Nicht die Technik, nicht die Computertastaturen, nicht Hamburger und Chevrolet-Coupets und nicht Tomahawk-Raketen. Diese Scheinwelt, die aus der (europäischen) Technik resultiert, die wiederum eine reine Scheinwelt produziert (man denke doch nur ans Internet!), verhindert, daß Amerika sieht, wo es wirklich steht, was es wirklich IST. Dominiert von jeder Menge zu bloßen, in jede Richtung verbiegbaren Schlagworten verkommener Begriffe, wie "Demokratie", mangels substantiellem öffentlichem Diskurs, dem tragenden Fundament jeder Kultureinheit.

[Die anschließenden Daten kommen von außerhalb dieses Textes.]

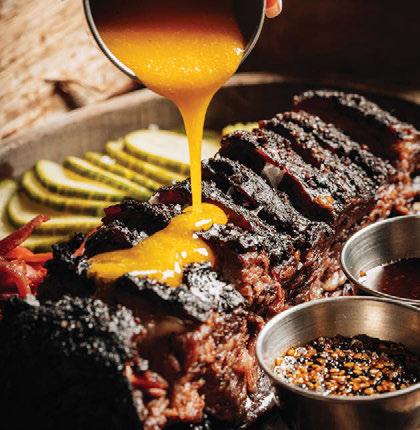 black shichimi pepper and sweet soy, this generous hunk of tender beef comes with three dipping sauces, pickles and lettuce cups.
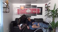 Essa morena madura de bunda grande, usando meias e lingerie sexy, é profundamente penetrada por trás, no estilo cachorrinho, depois de um boquete.
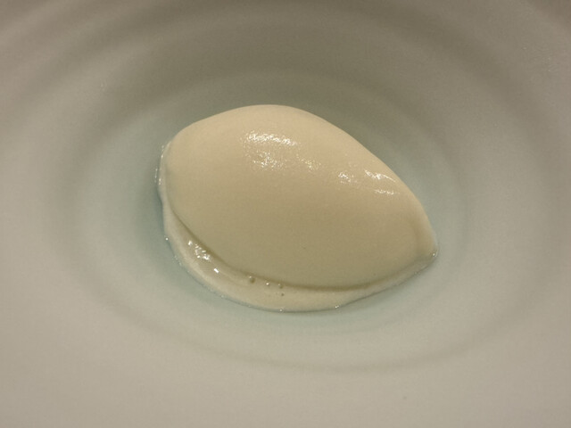 神経締めしたマナガツオは蒸して加熱。骨のパイタンとバターを合わせたスープ。マナガツオは皮付き。コラーゲンが凄い。マナガツオってこんな魚だったんだと改めて認識。ふっくらとして滑らか。クリアな旨みに感動。パイタンスープで動物性の旨みを。

Sein, nicht Haben. So abgedroschen (und leicht mißverstehbar) diese Formel ist, demaskiert sie doch den "amerikanischen Traum" als leer. Der ein sozialistischer Traum ist, den vom Bolschewismus nur unterscheidet, daß er unter ungeheuren Kollateralschäden einen anderen Weg zu materiellem Wohlstand eröffnet hat. Aber bis heute haben es die Amerikaner (genuin: des seit 1865 endgültig dominierenden puritanischen Nordens) nicht geschafft, eine fundamentale Beziehung zum Land selbst aufzubauen. Das sie wie ein Ersatzteillager für ihre Wohlstandsträume behandeln. Als Menschen, eingesperrt in ihre narzißtischen, engen Schranken, Blüten eben dieses mystizistischen Puritanismus.

Dann - wir zitieren wieder Keyserling - hätte auch der amerikanische Privatismus seine Stunde der Fruchtbarkeit. Von dem Hollywood so auffällig träumt. Aber er setzt eben im Privaten an, im engsten Umfeld, das es erst einmal auf seine Substanz zu gewinnen gilt.

Doch dazu müßten erst einmal die Träume von einer Welt-Ordnungsmacht um acht Stufen abgetakelt, auf die eigene Wohnstube wieder beschränkt werden. Denn das staatliche Amerika der Gegenwart hat nicht die (geistige) Kraft, die Welt zu ordnen. Das gesamte 20. Jhd. ist ein einziger Beweis dafür. Beginnend mit den unausgegorenen Wilson-11-Punkten, die Europa bis heute zerrüttet haben, bis zum Desaster im arabischen Raum.

Während Europa sich endlich seiner selbst besinnen sollte, denn noch gibt es dort, wenn auch schon fast zum Katakombendasein, in solitäre Veranstaltungen oder kleine isolierte regionale Räume verdrängt, Geist und geistige Kraft. Es sollte aufhören, der amerikanischen Schimäre nachzujagen, und endlich die Augen wieder öffnen, sich vom Imponiergehabe transatlantischer Fünfjähriger nicht mehr länger einschüchtern lassen, und eigenes Urteil zu bilden lernen. Die ihr Kind, das davongelaufen ist, in seine Schranken weisen. Das erwartet die USA nämlich. Kinder haben ein Recht auf Erziehung.